> SUPPLIED RECORDS
______________________________

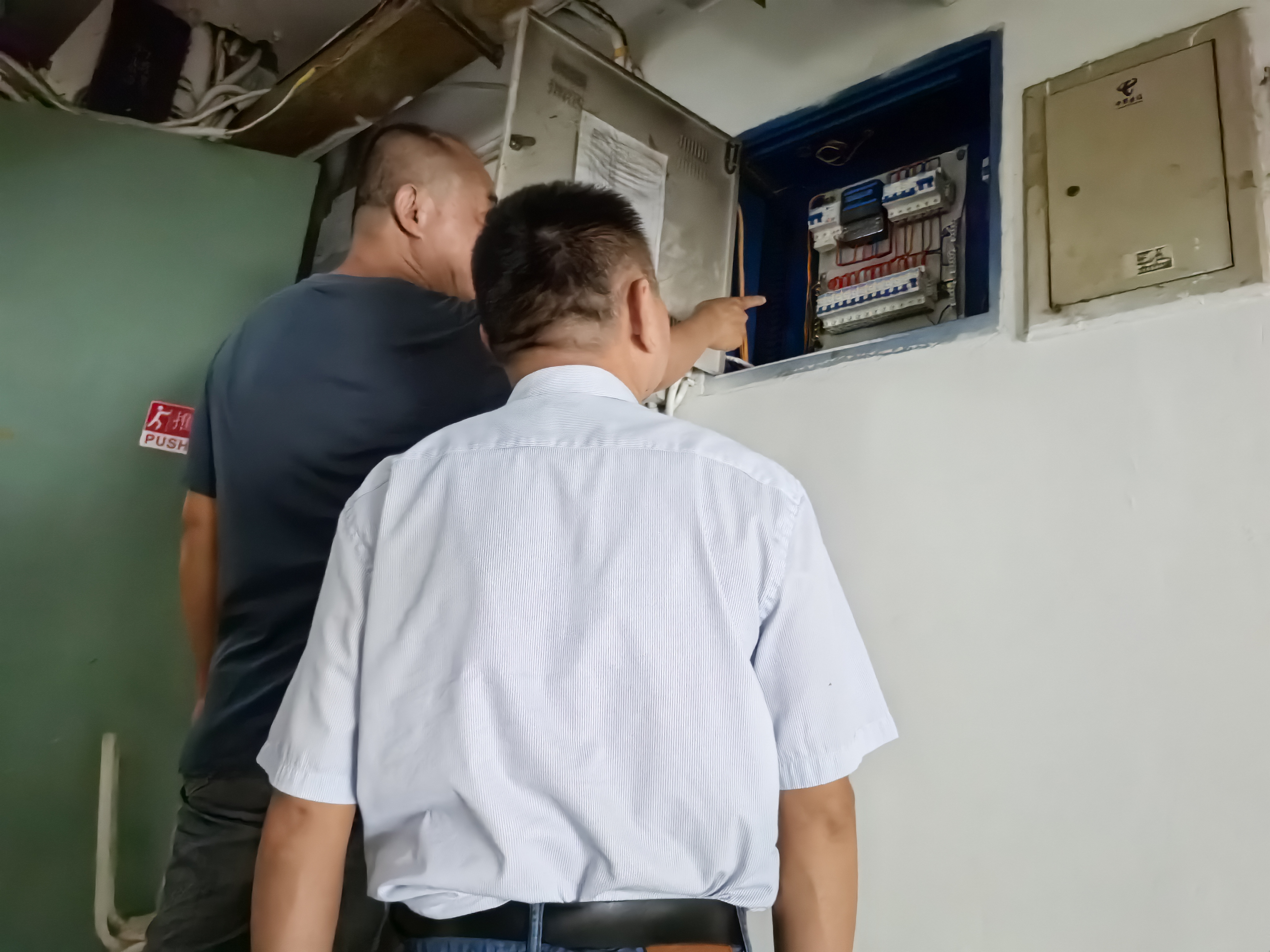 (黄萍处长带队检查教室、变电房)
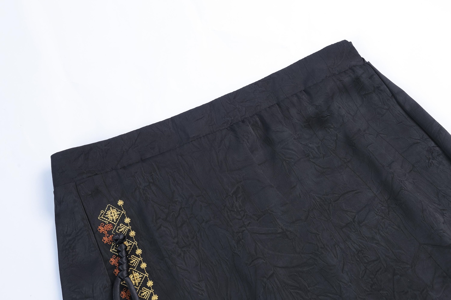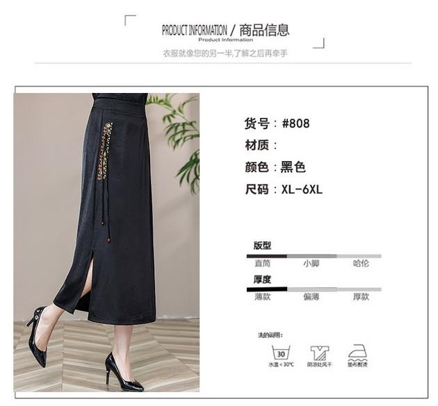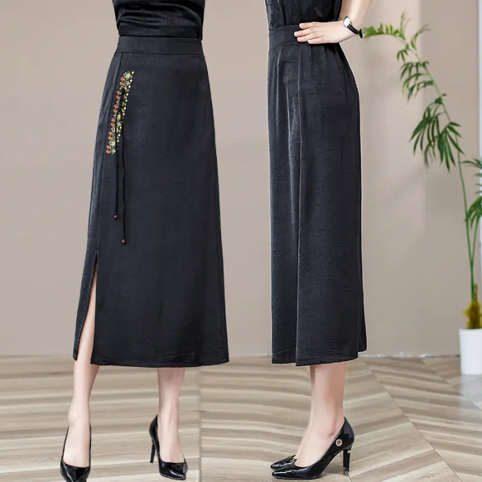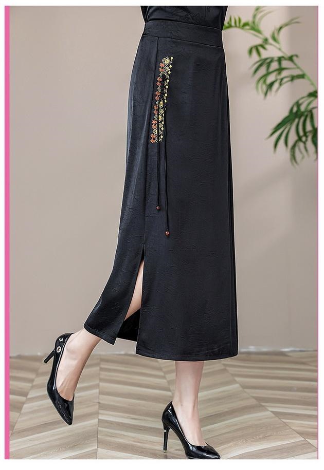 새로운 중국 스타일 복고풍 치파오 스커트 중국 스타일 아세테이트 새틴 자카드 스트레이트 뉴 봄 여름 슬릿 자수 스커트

______________________________

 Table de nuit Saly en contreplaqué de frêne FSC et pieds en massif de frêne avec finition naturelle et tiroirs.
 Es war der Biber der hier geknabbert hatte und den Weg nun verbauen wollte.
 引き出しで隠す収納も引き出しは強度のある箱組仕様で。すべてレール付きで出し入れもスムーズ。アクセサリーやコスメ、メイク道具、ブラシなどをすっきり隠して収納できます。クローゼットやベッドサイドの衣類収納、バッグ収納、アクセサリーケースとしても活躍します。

______________________________

> EXERCISE PROMPT
Restate word for word the lines in the material above from the one with "Es war der Biber" to the one with "引き出しで隠す収納も引き出し"; both of those lines count, and nothing else does.

> WRITTEN REPLY
 Es war der Biber der hier geknabbert hatte und den Weg nun verbauen wollte.
 引き出しで隠す収納も引き出しは強度のある箱組仕様で。すべてレール付きで出し入れもスムーズ。アクセサリーやコスメ、メイク道具、ブラシなどをすっきり隠して収納できます。クローゼットやベッドサイドの衣類収納、バッグ収納、アクセサリーケースとしても活躍します。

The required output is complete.